## What to work on
For the entries below, state how many lines contain the word "halal" and add nothing else.

## Supplied material
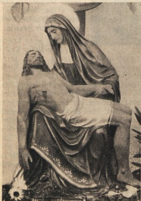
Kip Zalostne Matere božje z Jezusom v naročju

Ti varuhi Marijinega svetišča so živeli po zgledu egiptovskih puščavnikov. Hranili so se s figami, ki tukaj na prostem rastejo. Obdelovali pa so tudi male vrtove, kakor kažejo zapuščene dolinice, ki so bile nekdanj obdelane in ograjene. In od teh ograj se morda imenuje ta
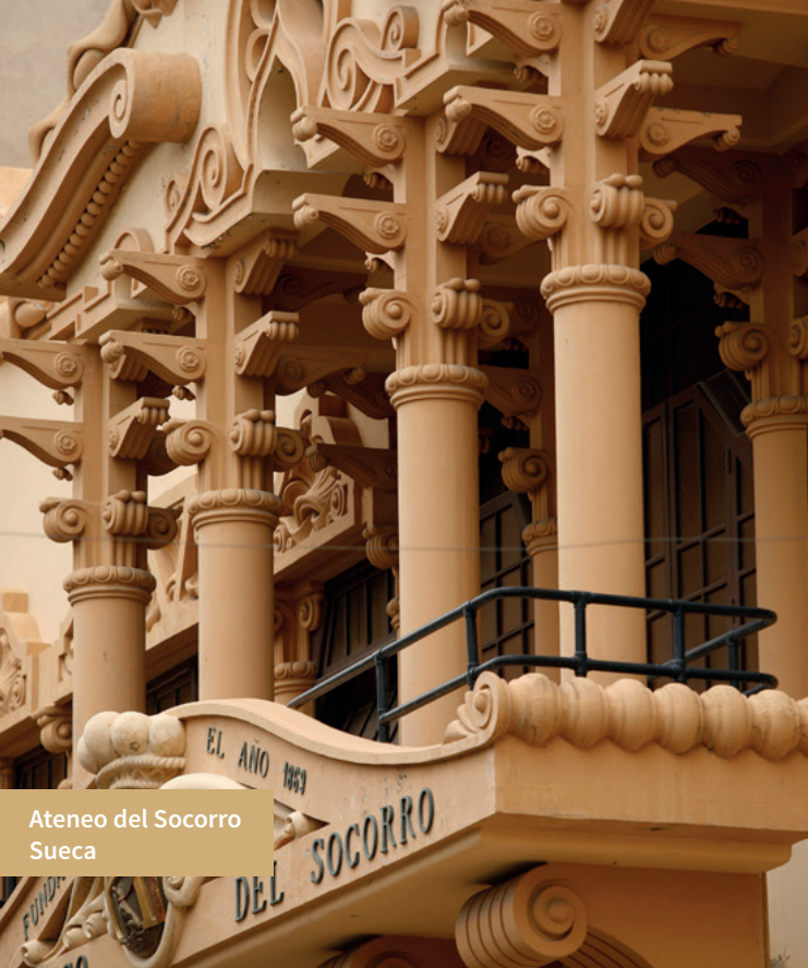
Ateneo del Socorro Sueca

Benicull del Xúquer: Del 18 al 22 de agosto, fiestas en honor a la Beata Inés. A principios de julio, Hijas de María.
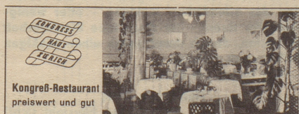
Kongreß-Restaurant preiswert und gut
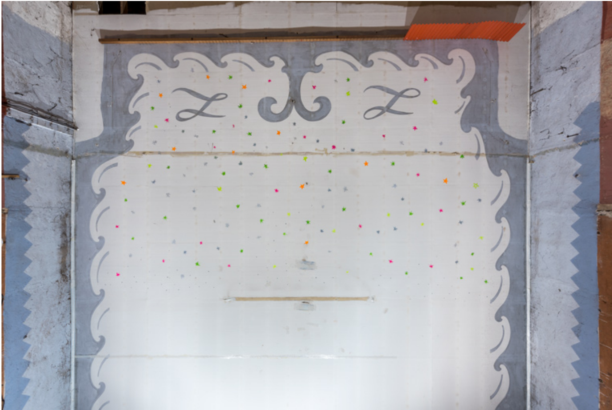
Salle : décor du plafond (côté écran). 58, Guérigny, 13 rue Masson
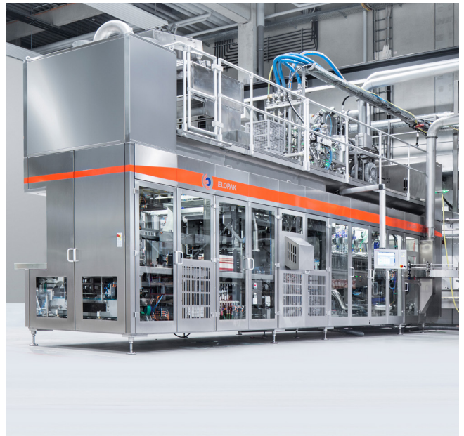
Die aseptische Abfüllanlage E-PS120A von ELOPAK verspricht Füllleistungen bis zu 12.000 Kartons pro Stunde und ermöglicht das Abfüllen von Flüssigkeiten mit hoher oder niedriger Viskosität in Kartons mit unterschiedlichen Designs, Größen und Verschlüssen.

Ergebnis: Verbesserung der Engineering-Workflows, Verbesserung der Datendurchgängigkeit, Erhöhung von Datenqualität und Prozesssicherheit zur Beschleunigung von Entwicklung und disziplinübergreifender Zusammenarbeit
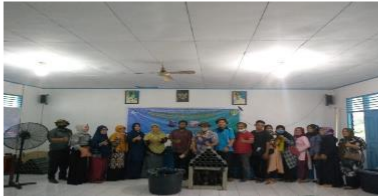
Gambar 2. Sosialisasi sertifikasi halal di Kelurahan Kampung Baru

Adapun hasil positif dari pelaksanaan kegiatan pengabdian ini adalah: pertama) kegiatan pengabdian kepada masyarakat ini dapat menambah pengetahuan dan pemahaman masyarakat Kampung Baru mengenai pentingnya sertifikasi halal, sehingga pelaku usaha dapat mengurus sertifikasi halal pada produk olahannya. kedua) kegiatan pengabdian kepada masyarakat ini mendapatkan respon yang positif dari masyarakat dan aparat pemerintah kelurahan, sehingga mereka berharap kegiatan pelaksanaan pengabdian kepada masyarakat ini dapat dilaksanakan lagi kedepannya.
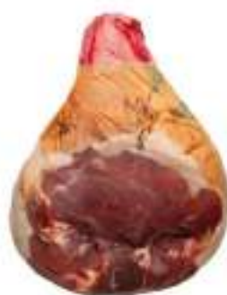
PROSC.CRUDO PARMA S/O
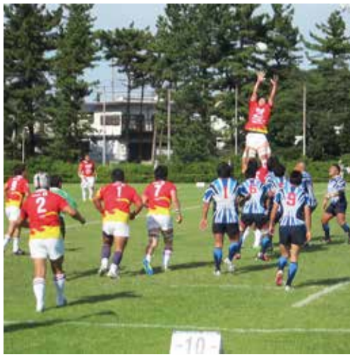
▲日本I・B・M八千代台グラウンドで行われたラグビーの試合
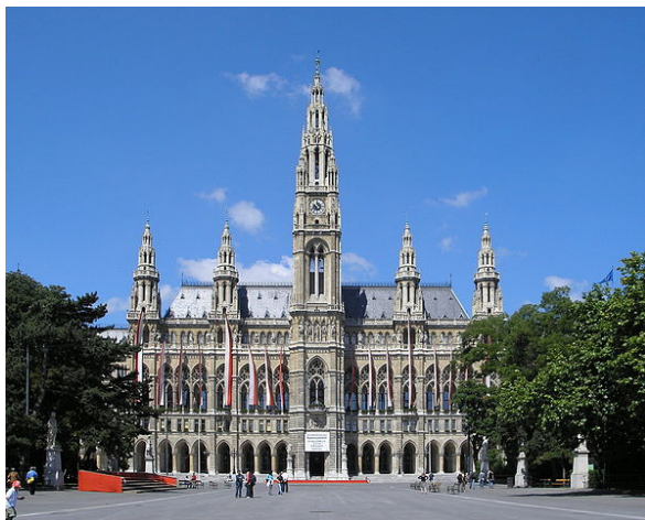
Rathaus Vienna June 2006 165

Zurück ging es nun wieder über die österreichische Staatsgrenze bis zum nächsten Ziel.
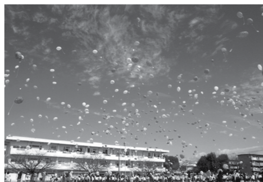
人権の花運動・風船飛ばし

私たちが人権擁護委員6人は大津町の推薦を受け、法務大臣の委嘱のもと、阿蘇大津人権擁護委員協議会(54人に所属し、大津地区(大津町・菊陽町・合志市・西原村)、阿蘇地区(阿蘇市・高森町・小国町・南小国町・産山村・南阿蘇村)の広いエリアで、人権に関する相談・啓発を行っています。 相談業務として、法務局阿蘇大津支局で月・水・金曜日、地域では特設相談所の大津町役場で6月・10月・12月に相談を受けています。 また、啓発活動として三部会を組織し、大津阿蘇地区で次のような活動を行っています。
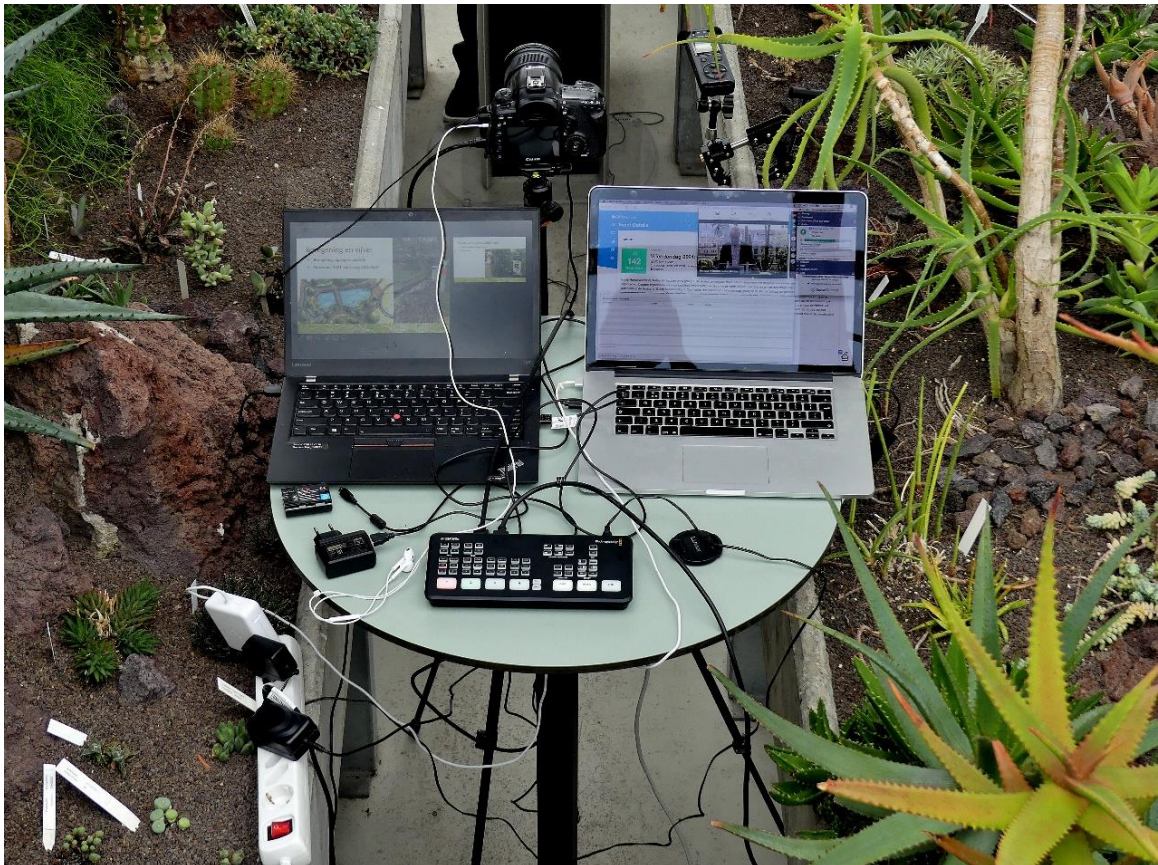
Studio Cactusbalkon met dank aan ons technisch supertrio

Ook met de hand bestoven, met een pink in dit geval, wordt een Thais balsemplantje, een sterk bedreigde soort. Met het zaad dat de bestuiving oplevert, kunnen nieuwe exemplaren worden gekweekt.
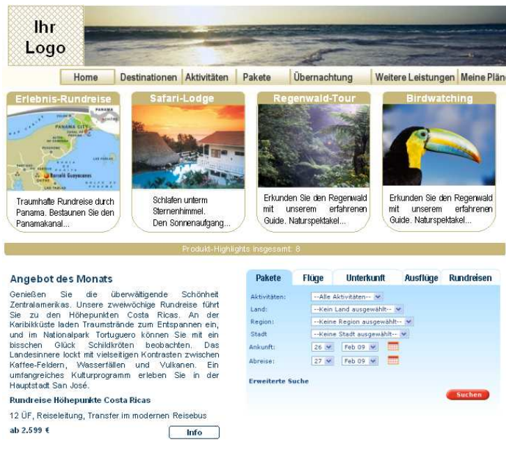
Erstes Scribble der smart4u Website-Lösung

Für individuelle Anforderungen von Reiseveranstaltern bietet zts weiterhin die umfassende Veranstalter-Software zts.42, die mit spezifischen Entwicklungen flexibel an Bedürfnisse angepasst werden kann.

## Solved problem
2